If you accept the premise that the classifiers should be represented in the treebank, I think you have two or three options:

  1. Make them into tokens, as you suggest
  2. Fold them into feature annotations on the lexemes they categorize
  3. (this is a variant of 1, you could use MWTs and ignore the classifier in the MWT token, but realize it in the analyzed subtokens)

The first option brings written Egyptian in line with languages that have phonologically verbalized classifiers, like Chinese or Japanese. The second is more of a compromise, saying something like "I want to preserve this information so I'll annotate it, but these aren't exactly words in the language". Both have merits, but maybe I like 2. a little more, since it allows you to 'have your cake and eat it'. Additionally, 2. introduces ways of encoding word-internal classifiers without disrupting the syntax tree.

Option 3. is sort of a sub-version of 1., but I think it's maybe the most confusing thing to do.
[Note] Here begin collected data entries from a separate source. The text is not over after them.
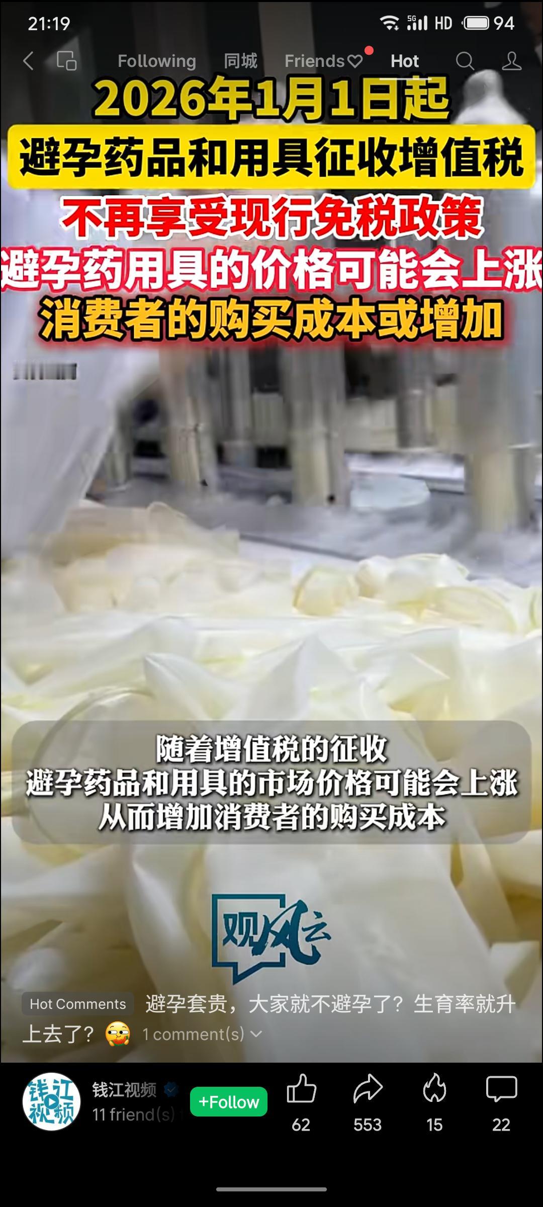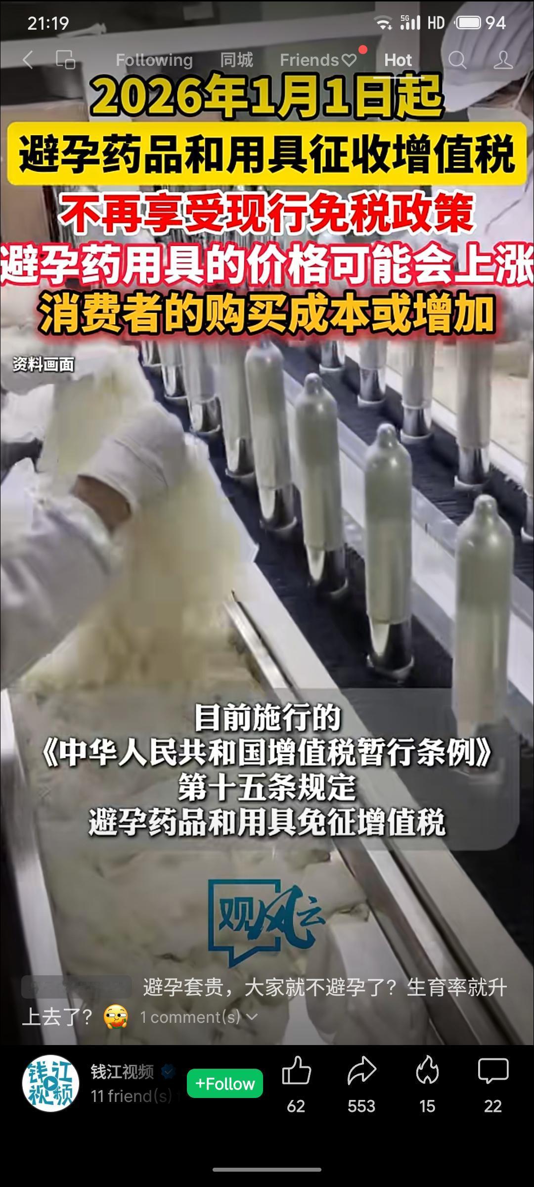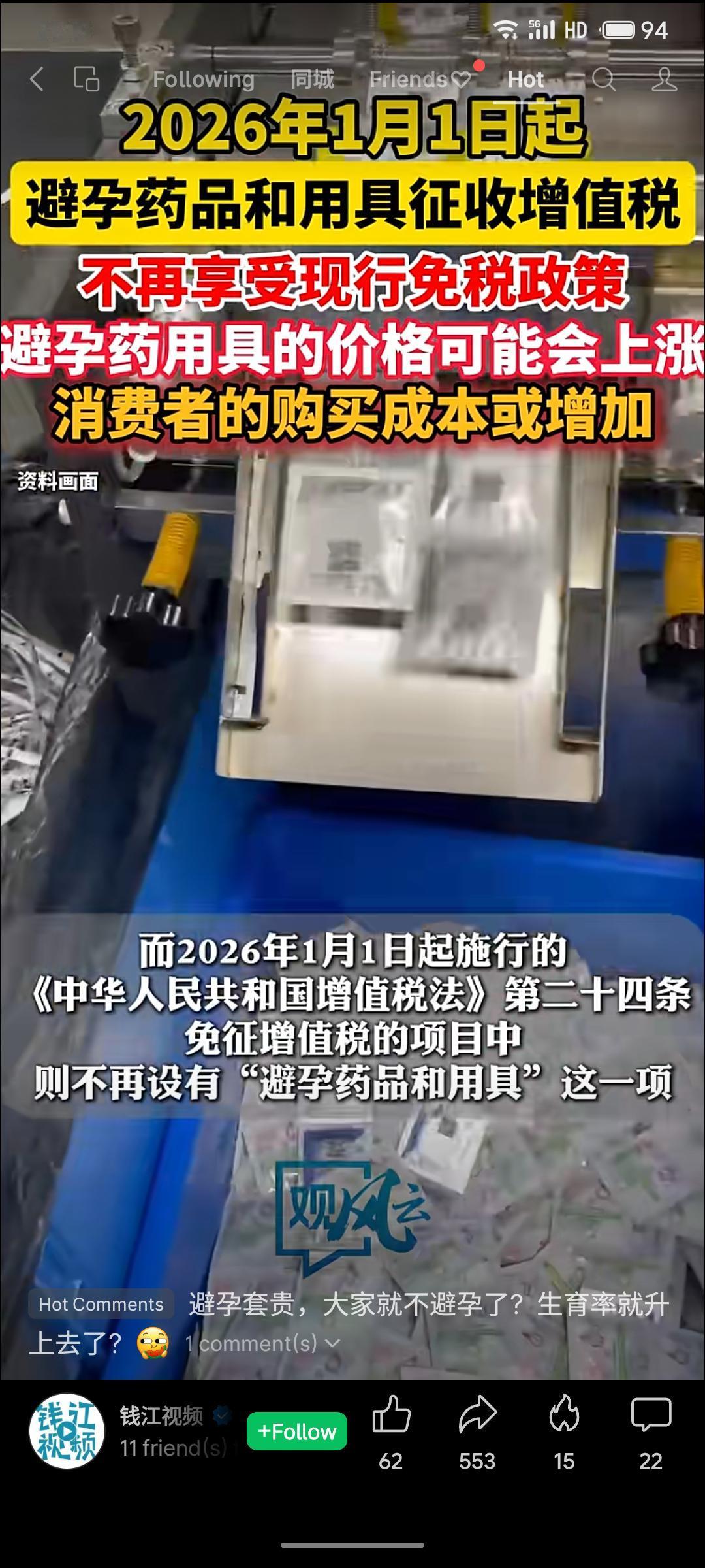 自2026年1月1日起,避孕药品和用具将不再免征增值税,恢复按法规征税。此举意味着其市场价格可能上涨,消费者购买成本或将增加。报道提及网友对此的热议,有评论担忧“避孕套收费”可能影响避孕行为与生育率。政策依据是即将施行的《中华人民共和国增值税法》相关条款。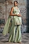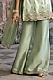 Featuring a green kurta in tissue mukesh and zora silk base with hand embroidery. It is paired with wide-legged sharara pants and a chiffon dupatta. Accentuate with statement jewellery and heels for a wedding or sangeet ceremony.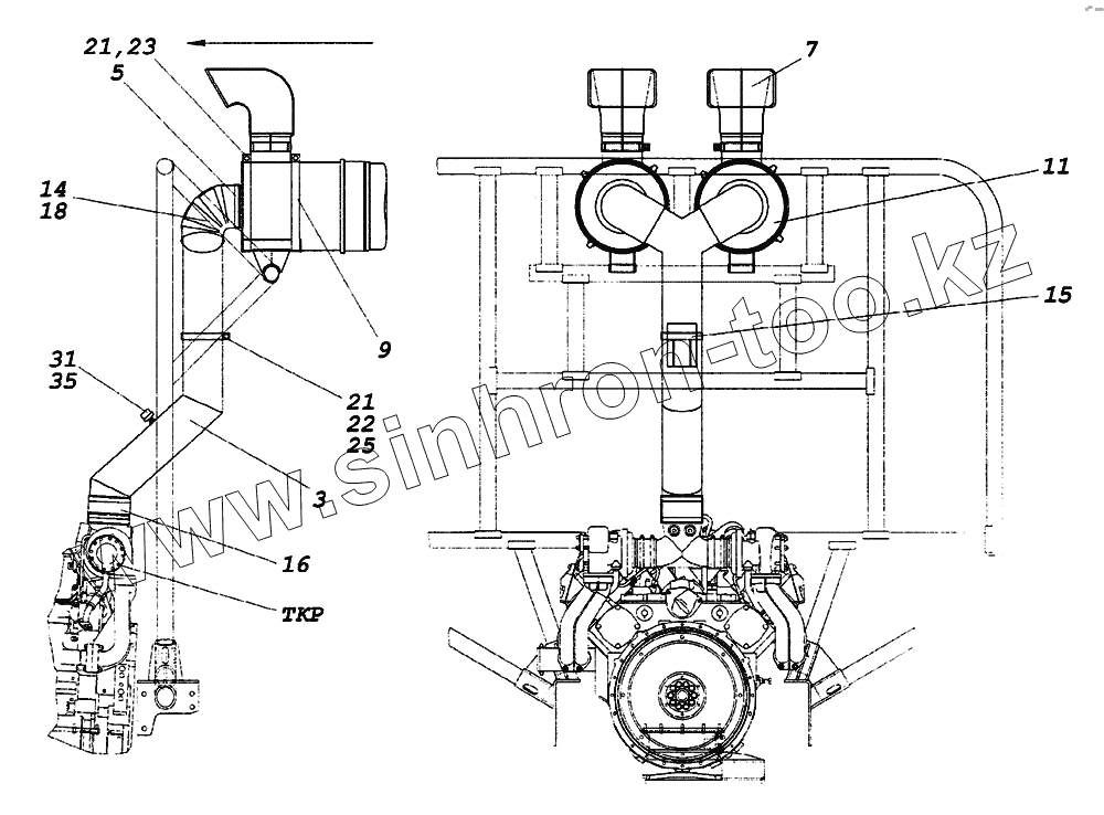 Каталог запасных частей к технике: Камский автозавод 65226. Установка воздушных фильтров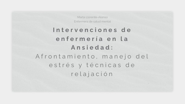 Intervenciones de enfermería en la Ansiedad:Afrontamiento, manejo del estrés y técnicas de relajación

It allows you to say "on a plain words level, Egyptian has no classifiers, but underlyingly in some re-analyzed form, they are there". This is maybe similar to saying "French really only has an over word 'au', but underlyingly we can think the words 'a' and 'le' are in there. The difference is that French really does utter words like 'a' and 'le' in other environments, and the Egyptian classifiers in question are presumed to be totally unpronounced.

Finally, regarding what notation to use for the classifier, I would prefer something graphemic over semantics ([SKY]) or pseudo-phonological, since semantics are debatable (and not always knows as you say), and phonology is not really relevant here - plus some hieroglyphs have multiple pronunciations. So in sum, I would say Gardiner codes make the most sense, since hieroglyphs are guaranteed to have those and it just represents the data, with minimal interpretation. Just my 2c of course!

@dan-zeman
Copy link
Member

My first impression is that this is a different usage of the term classifier from the one used in UD. Here it is mostly about the writing system, so it is not part of the language proper (because it would not be pronounced). This should be documented as yet another case where established language-specific terminology clashes with the crosslinguistic terminology in UD, and the Egyptian classifiers should then either get a different term, or be always qualified by an adjective to avoid confusion.

Then I think the Egyptian "classifier" should not have a separate line, it should be part of a word together with the phonetic material. And maybe one could simply provide the text in the Egyptian characters (Unicode) so that we do not have to search for an ID that would represent them.

@Stormur
Copy link
Contributor

Stormur commented Jun 17, 2024

Could there be some hybrid annotation where we allow a multiword token to be decomposed in VERB/NOUN/... + SYM, even in an "infixing" case like the last one? I do not know how much this coincides with option 3 by Amir above.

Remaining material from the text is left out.